Activity: Omit the pictures and return exactly the stretch of the material below from the line with "1、首先把已经制作好启动盘的" through the line with "with Tiger Prawns部門)」にも選出され、3冠を達成しました。".

Extracted information:

┌──

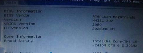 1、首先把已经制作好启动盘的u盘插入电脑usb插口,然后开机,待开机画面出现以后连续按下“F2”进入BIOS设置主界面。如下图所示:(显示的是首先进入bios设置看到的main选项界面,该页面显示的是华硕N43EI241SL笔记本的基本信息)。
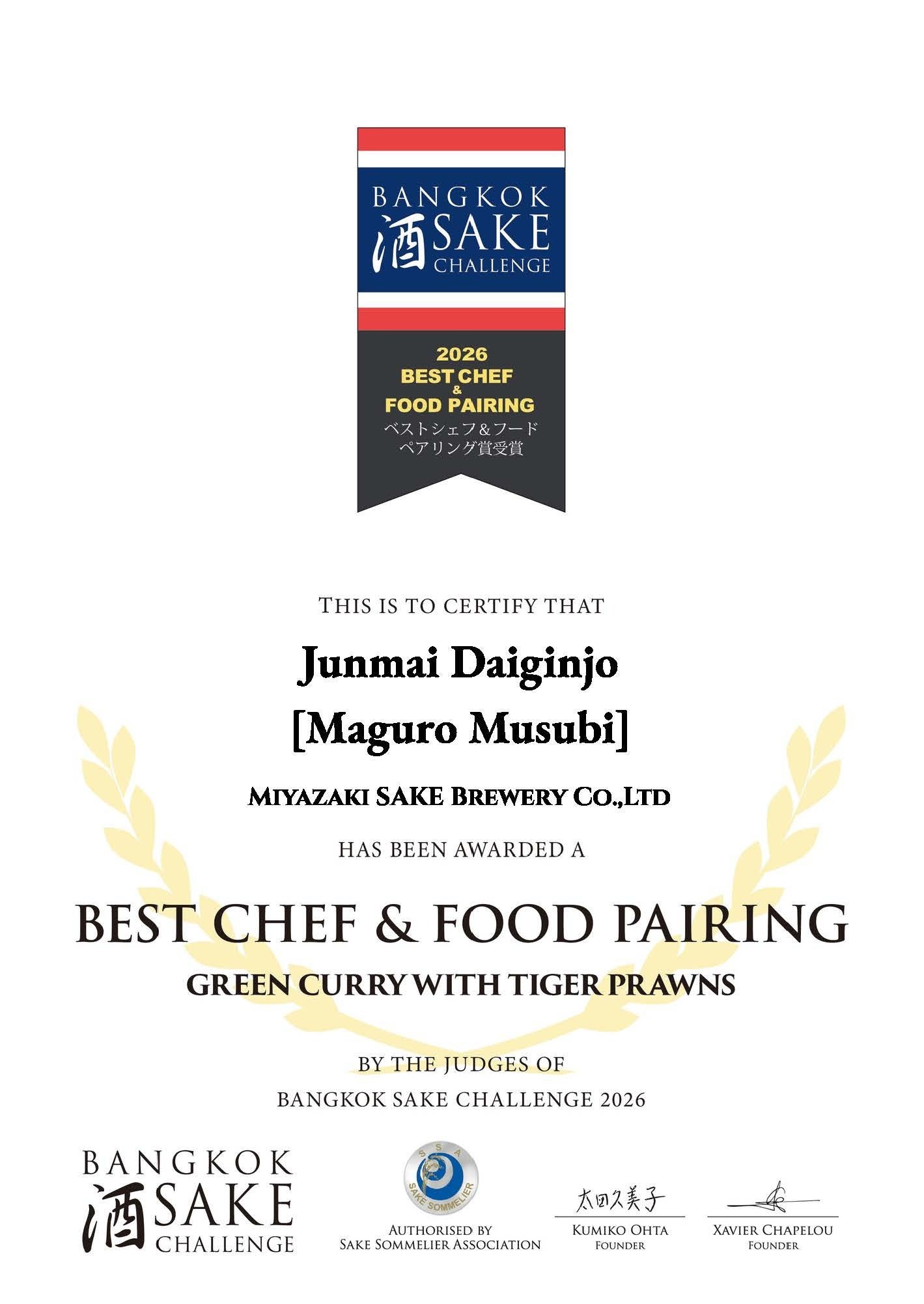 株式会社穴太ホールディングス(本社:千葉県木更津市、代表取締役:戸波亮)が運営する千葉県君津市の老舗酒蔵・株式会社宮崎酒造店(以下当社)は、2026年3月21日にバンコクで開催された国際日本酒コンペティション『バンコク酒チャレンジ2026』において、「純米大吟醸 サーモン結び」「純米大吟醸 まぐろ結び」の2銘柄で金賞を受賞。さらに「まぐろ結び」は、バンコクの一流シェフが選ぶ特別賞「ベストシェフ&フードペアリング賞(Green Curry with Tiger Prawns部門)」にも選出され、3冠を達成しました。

└──
┌──

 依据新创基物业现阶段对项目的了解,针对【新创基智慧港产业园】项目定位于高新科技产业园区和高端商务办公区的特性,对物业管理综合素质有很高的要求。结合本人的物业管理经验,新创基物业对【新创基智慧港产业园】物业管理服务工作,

└──
┌──

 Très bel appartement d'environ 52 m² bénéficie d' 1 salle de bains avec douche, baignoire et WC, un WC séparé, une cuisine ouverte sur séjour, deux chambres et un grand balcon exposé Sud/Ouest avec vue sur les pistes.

└──

Solution to the problem:
 1、首先把已经制作好启动盘的u盘插入电脑usb插口,然后开机,待开机画面出现以后连续按下“F2”进入BIOS设置主界面。如下图所示:(显示的是首先进入bios设置看到的main选项界面,该页面显示的是华硕N43EI241SL笔记本的基本信息)。
 株式会社穴太ホールディングス(本社:千葉県木更津市、代表取締役:戸波亮)が運営する千葉県君津市の老舗酒蔵・株式会社宮崎酒造店(以下当社)は、2026年3月21日にバンコクで開催された国際日本酒コンペティション『バンコク酒チャレンジ2026』において、「純米大吟醸 サーモン結び」「純米大吟醸 まぐろ結び」の2銘柄で金賞を受賞。さらに「まぐろ結び」は、バンコクの一流シェフが選ぶ特別賞「ベストシェフ&フードペアリング賞(Green Curry with Tiger Prawns部門)」にも選出され、3冠を達成しました。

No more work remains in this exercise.